ZHANG Zhicong1(), CUI Dong1,2, GUO Jinfeng1, UMUT Hasan1,2(), LI Liang3   

  1. 1 College of Resources and Environment, Yili Normal University, Yining, Xijiang 835000
    2 Institute of Resources and Ecology, Yili Normal University, Yining, Xijiang 835000
    3 School of Artificial Intelligence, Hebei University of Technology, Tianjin 300401
  • Received:2024-06-17 Revised:2024-09-27 Online:2025-01-13 Published:2025-01-13

Abstract:

The study aims to improve the automatic recognition of rice pest and disease images and better guide agricultural pest and disease control. Using a combination of transfer learning and ResNet-18 model, we organized open source plant disease data on the internet, and obtained images of 9 rice pests and diseases, including bacterial blight, blast and Tungro, as well as a healthy leaf as the research objects. 11414 cleaned images were selected to establish a dataset for model training, and the 30% dataset was split as the test set.

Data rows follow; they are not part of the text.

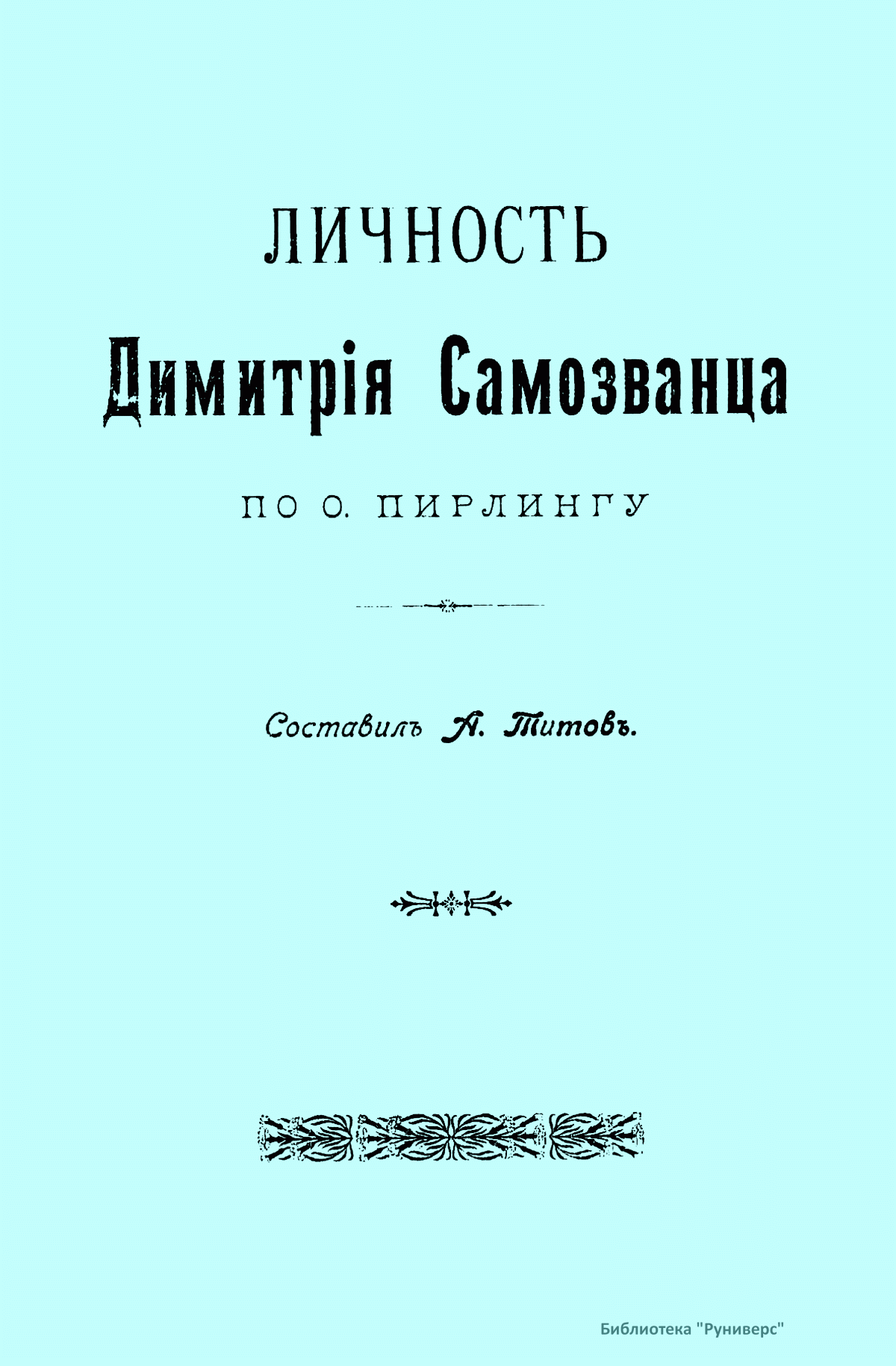 В брошюре излагается взгляд историка-иезуита Павла Пирлинга на проблему личности Лжедмитрия I: был ли Дмитрий действительно сыном Ивана Грозного или это был ловкий самозванец? Его выводы – плод кропотливых изысканий в западных архивах, преимущественно в Ватикане.
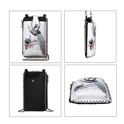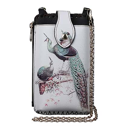 Stylish Peacock Pattern Mobile Phone Bag with Chain Shoulder Strap (Size 18x10cm) - White
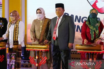 Gubernur Lampung Arinal Djunaidi (kedua kanan) didampingi Direktur Jenderal Industri Kecil Menengah dan Aneka Kementerian Perindustrian Reni Yanita (kiri), Istri Gubernur Lampung sekaligus Ketua TP PKK Provinsi Lampung Riana Sari Arinal (kedua kiri), dan Wakil Gubernur Lampung Chusnunia Chalim (kanan) memukul alat musik tradisional pada acara "kick off" Gerakan Nasional Bangga Buatan Indonesia (Gernas BBI) Lagawi Fest Tahun 2022 di Mahan Agung, Bandar Lampung, Lampung, Kamis (17/3/2022). Gernas BBI tersebut membidik peningkatan penjualan secara online bagi 30 industri kecil dan menengah terpilih selama tiga bulan. ANTARA FOTO/Rivan Awal Lingga/pras.
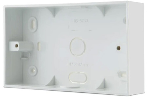 Plastikowa puszka do montażu natynkowego.
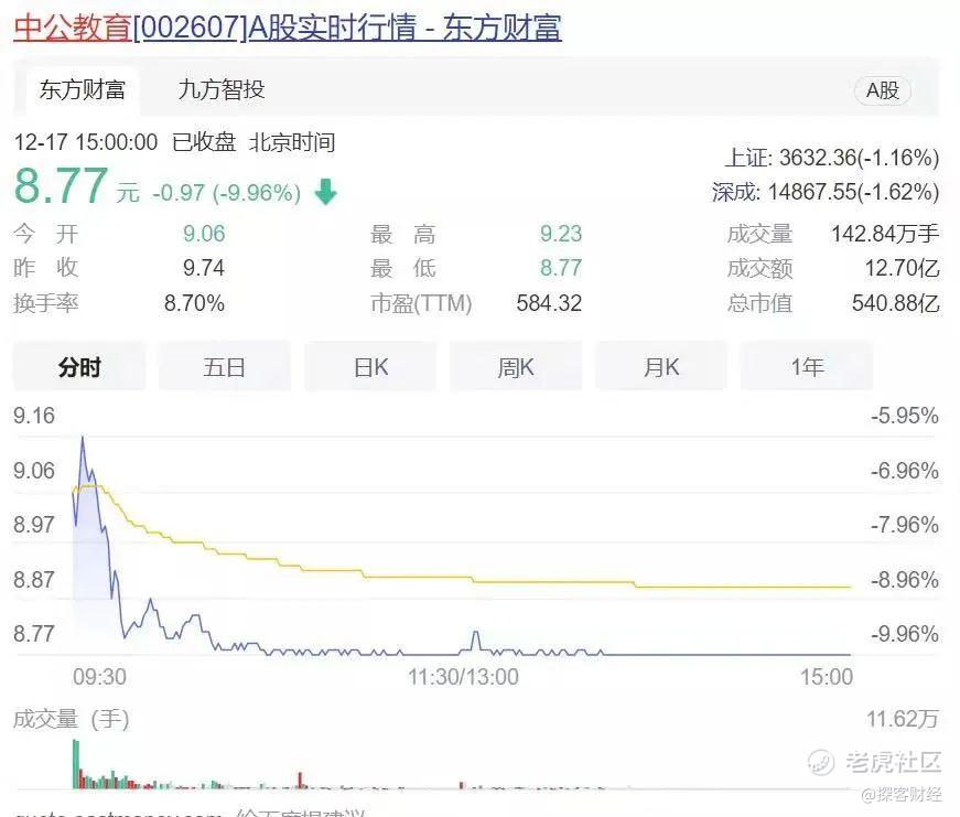 受证监会立案调查事件的影响,中公教育在12月17日跌停。

On the basis of six pre trained models such as ResNet-18, GoogLeNet, VGG-16, and MobileNet-v2, a series of parameter adjustments were made to the transfer model. The results show that: (1) under the consistent training parameters, the proposed model ResNet-18 has significantly higher validation accuracy and lowest loss value compared with MobileNet-v2, AxeNet, VGG-16, GoogLeNet, SqueezeNet, and the original ResNet-18 model. The final accuracy of the model is 96.97%. (2) Compared with the original model, the training accuracy of all transferred learning models has been improved significantly, with the improved accuracy ranging from 5.03% to 13.90%. The optimized training model has the characteristics of fast recognition speed and improved accuracy, which can accurately and quickly identify the type of crop disease, providing support for the automatic diagnosis of crop diseases.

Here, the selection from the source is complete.